Output exactly the lines below, starting with the line that has "ケープ 秋冬 春秋 肌掛け" and going on through the line that has "1) PCN-222具有穩定的一維孔道,可負載金屬催化劑或儲氣及吸附材料", both included, and no other lines.

THE DATA
********************

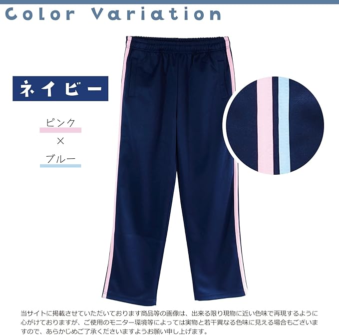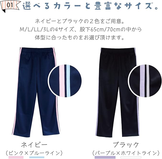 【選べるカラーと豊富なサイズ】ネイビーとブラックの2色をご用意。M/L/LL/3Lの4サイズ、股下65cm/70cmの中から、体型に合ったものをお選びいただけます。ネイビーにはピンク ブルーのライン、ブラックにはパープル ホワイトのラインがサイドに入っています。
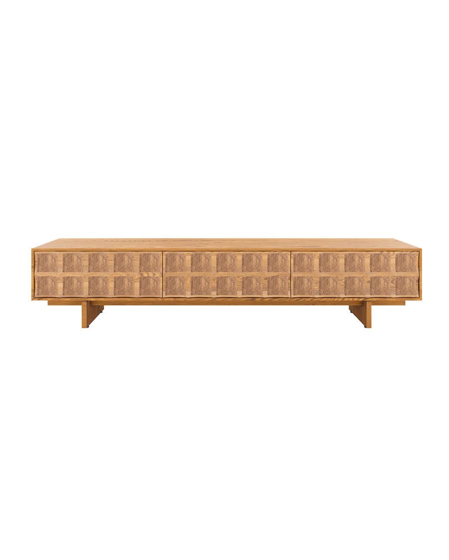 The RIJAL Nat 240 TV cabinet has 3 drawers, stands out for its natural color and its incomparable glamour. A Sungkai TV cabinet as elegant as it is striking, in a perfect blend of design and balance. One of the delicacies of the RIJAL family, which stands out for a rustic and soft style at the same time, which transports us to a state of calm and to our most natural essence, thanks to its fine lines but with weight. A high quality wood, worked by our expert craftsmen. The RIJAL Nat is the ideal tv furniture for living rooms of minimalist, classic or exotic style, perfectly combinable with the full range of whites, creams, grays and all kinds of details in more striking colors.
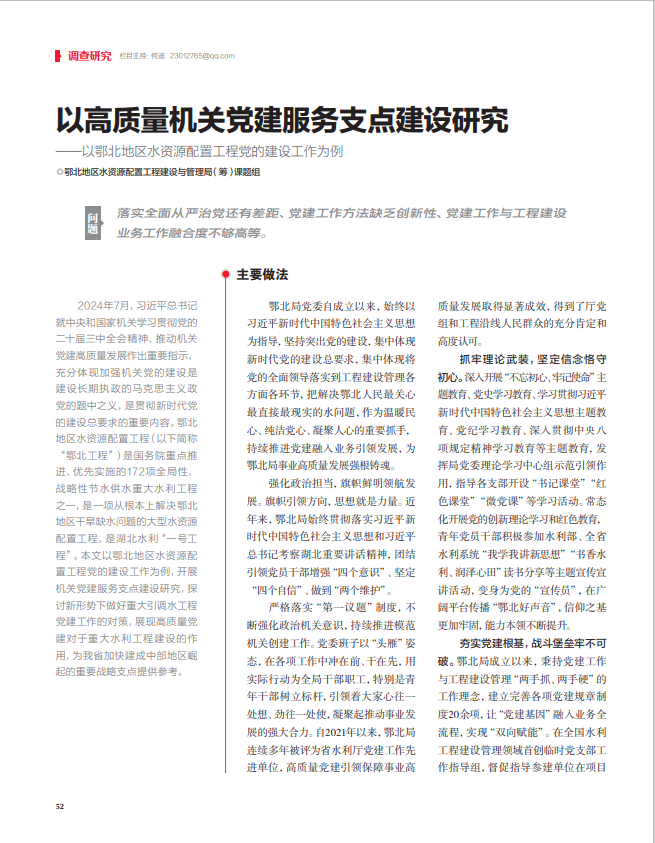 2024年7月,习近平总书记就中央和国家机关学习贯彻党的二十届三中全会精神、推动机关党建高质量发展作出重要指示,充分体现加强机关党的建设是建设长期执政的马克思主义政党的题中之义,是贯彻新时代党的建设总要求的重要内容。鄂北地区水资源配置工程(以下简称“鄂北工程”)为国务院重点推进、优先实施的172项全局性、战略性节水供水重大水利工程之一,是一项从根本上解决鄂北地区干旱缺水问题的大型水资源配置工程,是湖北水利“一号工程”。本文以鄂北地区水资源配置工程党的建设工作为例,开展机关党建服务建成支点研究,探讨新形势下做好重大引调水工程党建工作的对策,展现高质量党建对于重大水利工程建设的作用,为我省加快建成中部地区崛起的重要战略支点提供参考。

********************

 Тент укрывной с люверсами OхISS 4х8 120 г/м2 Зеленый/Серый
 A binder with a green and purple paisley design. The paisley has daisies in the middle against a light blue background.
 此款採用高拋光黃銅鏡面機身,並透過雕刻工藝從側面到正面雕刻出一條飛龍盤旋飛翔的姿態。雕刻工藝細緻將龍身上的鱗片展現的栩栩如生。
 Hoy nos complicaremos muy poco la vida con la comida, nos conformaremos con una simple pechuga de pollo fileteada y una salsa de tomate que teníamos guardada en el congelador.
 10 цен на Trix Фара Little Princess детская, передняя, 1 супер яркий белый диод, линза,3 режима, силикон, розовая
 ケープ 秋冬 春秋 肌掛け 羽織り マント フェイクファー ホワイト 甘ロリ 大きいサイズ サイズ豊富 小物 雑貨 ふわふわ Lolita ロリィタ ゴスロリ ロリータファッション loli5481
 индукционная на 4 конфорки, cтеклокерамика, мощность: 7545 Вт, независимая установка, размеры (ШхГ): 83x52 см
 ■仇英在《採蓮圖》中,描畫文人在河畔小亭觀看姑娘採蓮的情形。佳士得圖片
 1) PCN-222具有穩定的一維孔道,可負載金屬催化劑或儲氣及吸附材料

********************

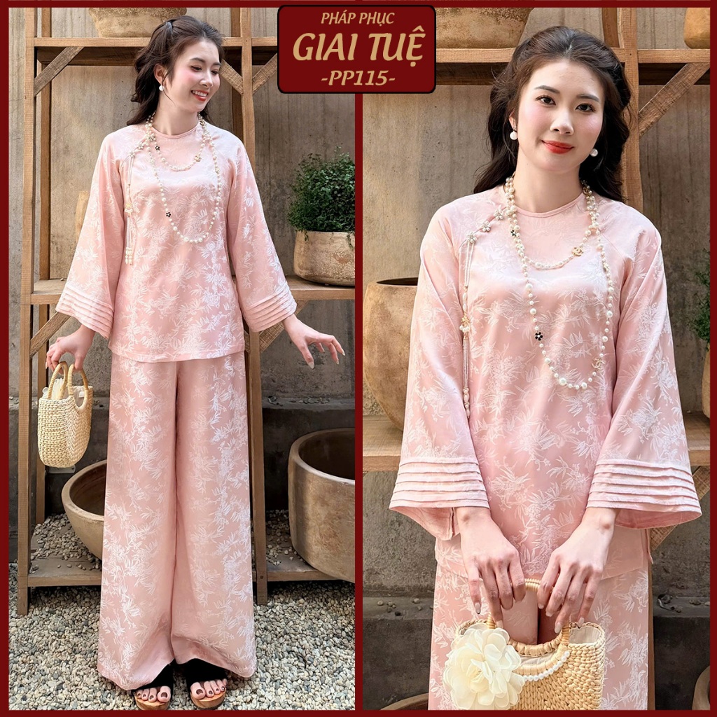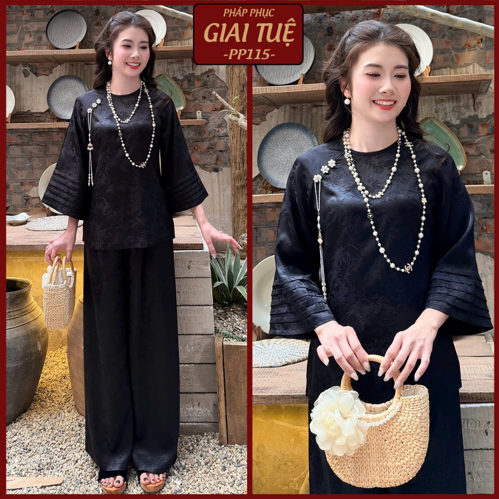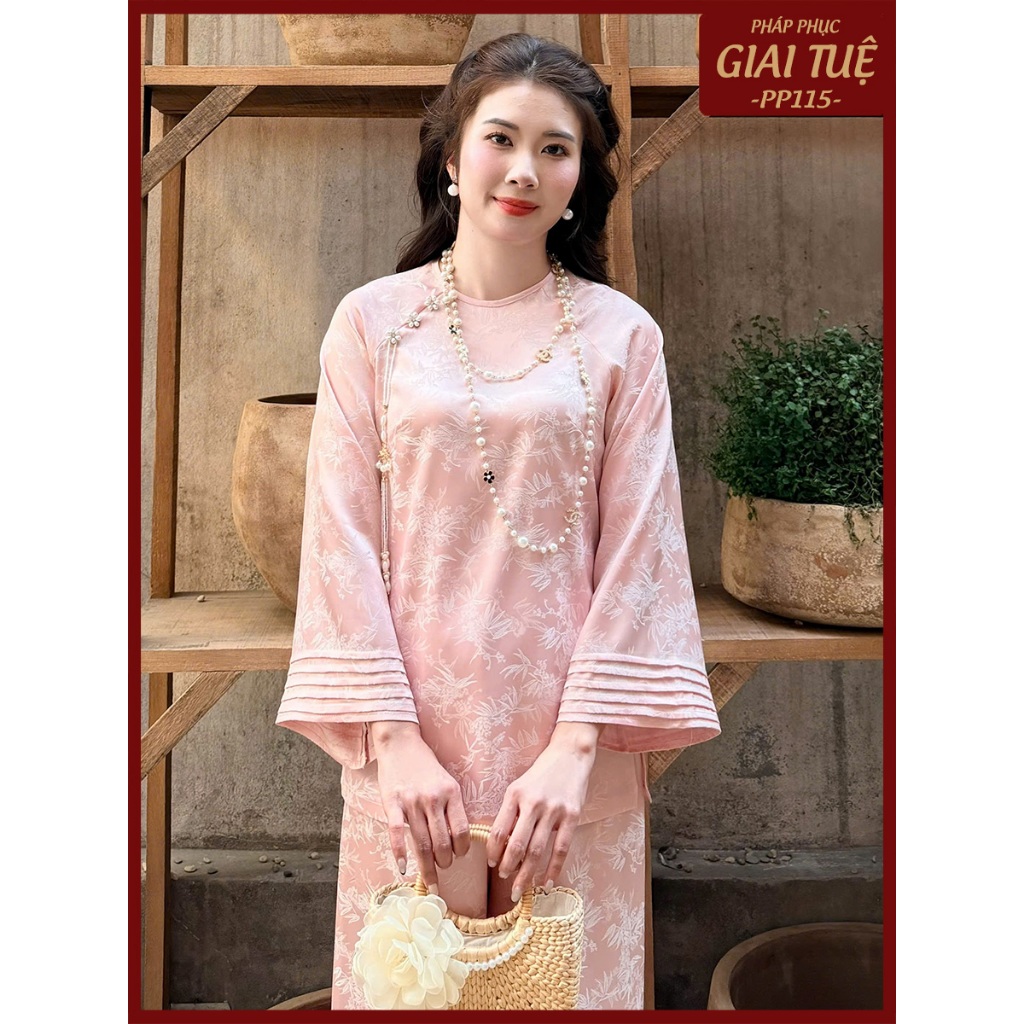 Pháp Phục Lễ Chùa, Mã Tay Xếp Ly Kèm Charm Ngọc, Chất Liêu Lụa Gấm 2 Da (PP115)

********************

ANSWER FOR THIS EXERCISE
 ケープ 秋冬 春秋 肌掛け 羽織り マント フェイクファー ホワイト 甘ロリ 大きいサイズ サイズ豊富 小物 雑貨 ふわふわ Lolita ロリィタ ゴスロリ ロリータファッション loli5481
 индукционная на 4 конфорки, cтеклокерамика, мощность: 7545 Вт, независимая установка, размеры (ШхГ): 83x52 см
 ■仇英在《採蓮圖》中,描畫文人在河畔小亭觀看姑娘採蓮的情形。佳士得圖片
 1) PCN-222具有穩定的一維孔道,可負載金屬催化劑或儲氣及吸附材料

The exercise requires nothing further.